2. Literature Survey

Zhenan Sun and etl… has proposed a combinational

classifier scheme by cascading the various

representations of matching algorithms in which

Global feature based classifiers are used instead of

classifiers based on local features to recognize noisy

iris signal. To measure the similarity and subpixel

accuracy between two intra class iris images a moment

based iris blob matching algorithm is developed.

Based on the experimental results, the authors suggest

that blob matching algorithm does not provide

promising results for iris recognition when used alone

whereas the use of cascaded classifiers introduces

extra computational cost but recognition accuracy of

system increases significantly [3].

Kazuyuki Miyazawa and etl… has implemented an

image matching technique in MATLAB for iris

recognition on images taken from CASIA Database.

The technique addresses the issues that are introduced

during the image acquisition due to the environmental

parameters such as spatial position, orientation, center

frequencies, size etc. These parameters have great

impact on the feature extraction process. To overcome

this problem phase components in 2D Discrete Fourier

Transforms (DFTs) of input iris images are used to

implement the phase based matching algorithm for iris

recognition system. In order to reduce the size of

registration iris data and to prevent the visibility of iris

images, they introduce the idea of 2D Fourier Phase

Code (2D FPC) for representing iris information. The

experimental results clearly demonstrate that 2D FPCs

are particularly useful for implementing iris

recognition devices using DSP technology. On the

other hand, the original phase-based iris recognition

algorithm is particularly suitable for implementing

high-accuracy iris verification/identification systems,

for which the recognition performance is a major

concern[6].

Neha Kak and etl… developed a network based iris

recognition system using the standard techniques like

canny edge detection, Hough transform algorithm,

Daugman’s algorithm and Backpropogation

algorithm. The authors have analyzed how the

network behaves when an input is given and for that

error rate specified was. The network has been trained

and tested for a number of eye images. The authors

stated two important observations related to

performance first, the increase in number of images

gradually decreases the learning rate of network and

second, the size of input states directly influences the

performance [7].

Shreyas Venugopalan and etl… has proposed a system

to bypass a filter based feature extraction techniques

that are based on iris bit codes using alternate iris

texture for feature extraction using spoofing.

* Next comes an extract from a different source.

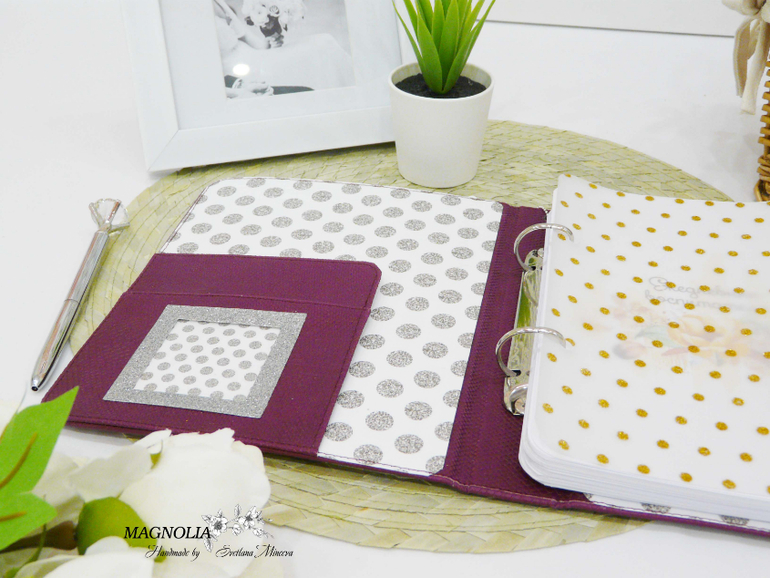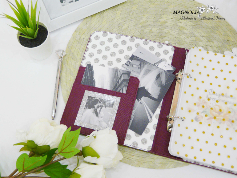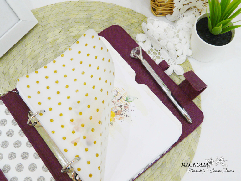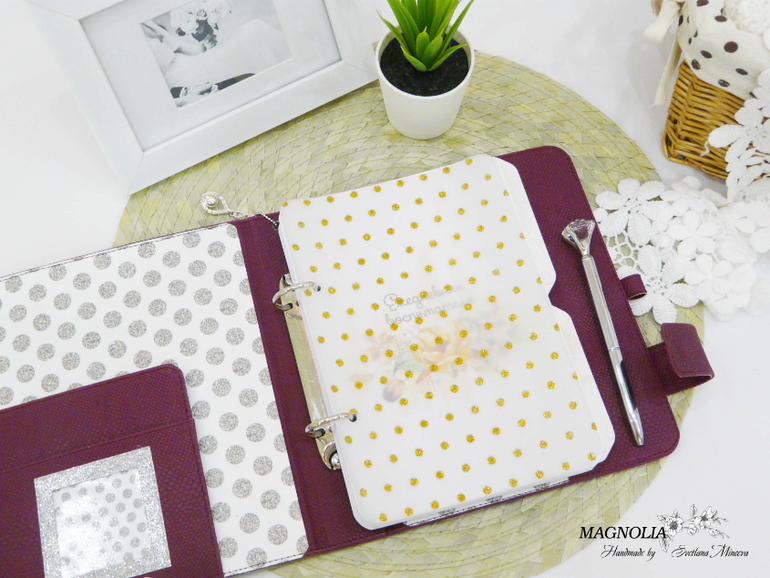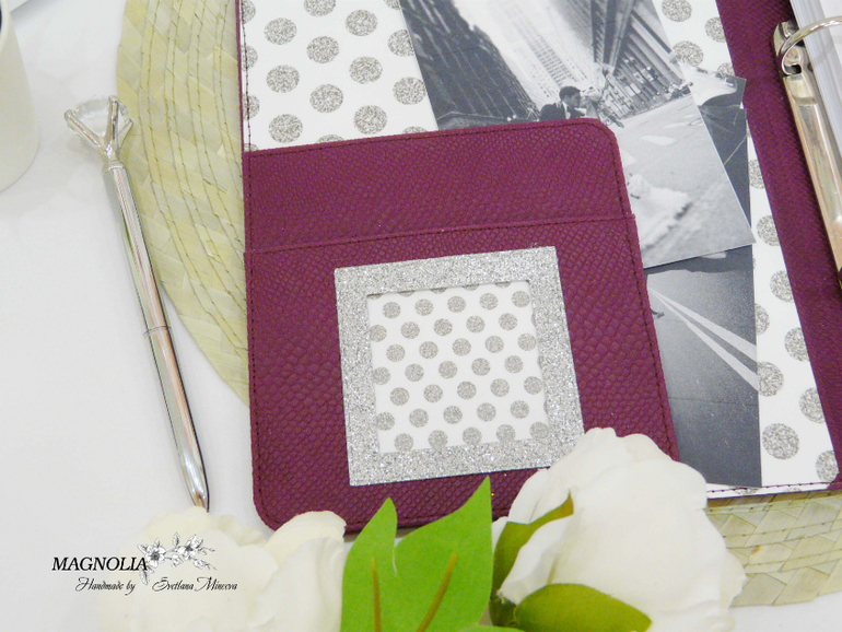 Внутри на обоих форзацах кармашки из кожзама, один даже с прозрачным окошком :) Для красоты добавлен лист кальки с декоративным глиттерным рисунком мелкий горох, еще есть два разделителя с табами из скрапбумаги
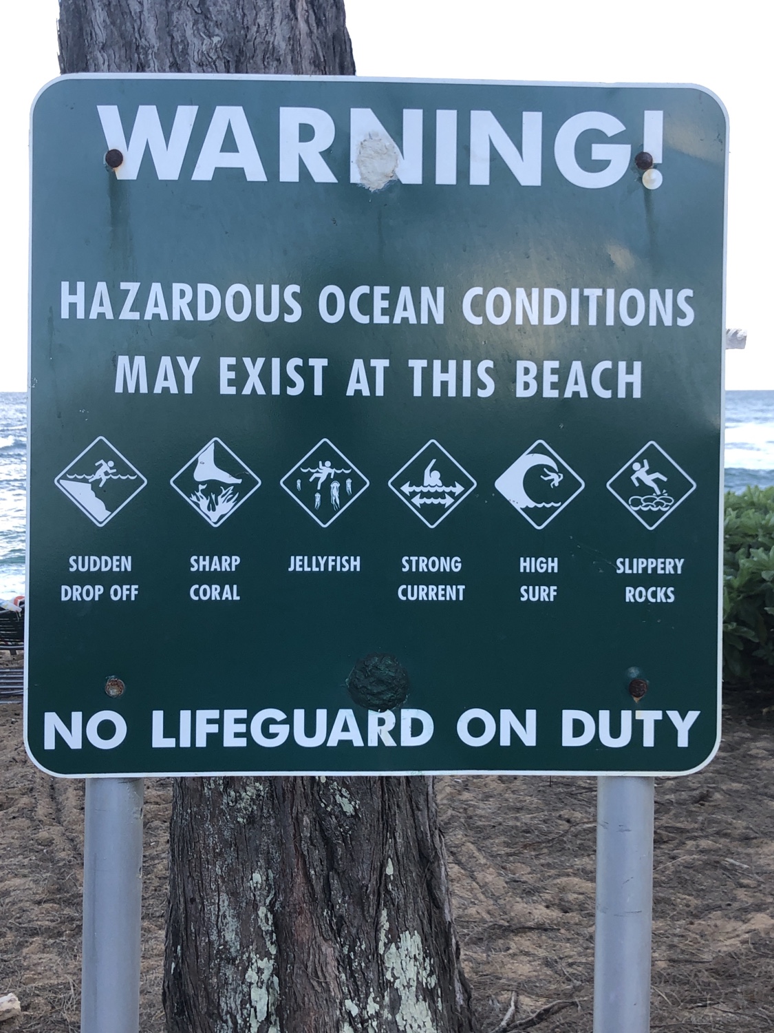 So I’ve been down to the beach in front of the hotel a bunch of times and there is never anyone swimming. I found this sign today π³ I guess a 25 minute drive to Poipu Beach really isn’t that bad lol.

The

results show natural looking spoof iris images that

give a similar recognition (verification) performance

as a genuine iris of the same person [8].

Chung-Chih Tsai and etl… has proposed a robust and

effective matching technique that can be applied on

two sets of iris feature points for probabilistic fuzzy

matching using invariant iris properties. The proposed

matching algorithm is used to compute a similarity

score for two sets of feature points from a pair of iris

images. The experimental results show that the

performance of the system is better than those of the

systems based on the local features and is comparable

to those of the typical systems [9].

An alternative method for dimension reduction

scheme is implemented by Mahmoud Elgamal and

etl... In order to reduce the feature vector dimension

and increase the discriminative power, the principal

component analysis (PCA) has been used. k-NN

method classifies the objects in a feature space

depending upon the closeness of objects in training

example where instances with similar properties in

dataset exists in close proximity to each other. The

results shows that the proposed technique is robust

and effective compared with other recent works. The

recognition accuracy for pattern classification is

99.5%[10].

Chun-Wei Tan and etl… has achieved more stable

characterization of local iris features based on Zernike

moment-based phase encoding of iris features.These

features are computed from normalized image by

accommodating local pixel region variation through

partially overlapping regions. A joint strategy is

adopted to simultaneously extract and combine both

the global and localized iris features. The proposed iris

matching strategy tested using the iris images in three

publicly available databases: 1) UBIRIS.v2; 2) FRGC;

and 3) CASIA.v4distance. The results are compared

with the existing methods and prove to be effective

one. As compare to existing methods the results of

proposed method achieves higher rate of recognition

accuracy with an average improvement of 54.3%,

32.7%, and 42.6% in equal error rates, respectively,

for UBIRIS.v2, FRGC, and CASIA.v4-distance iris

databases [11].

Mohmmed A. M. and etl has proposed an iris

recognition system for nonideal iris images. To

segment the iris images captured under visible and

near infrared light two different alogorithms are

proposed. To segment the iris, combination of

expansion and shrinking is use on active contour

model that integrates new pressure force on the model.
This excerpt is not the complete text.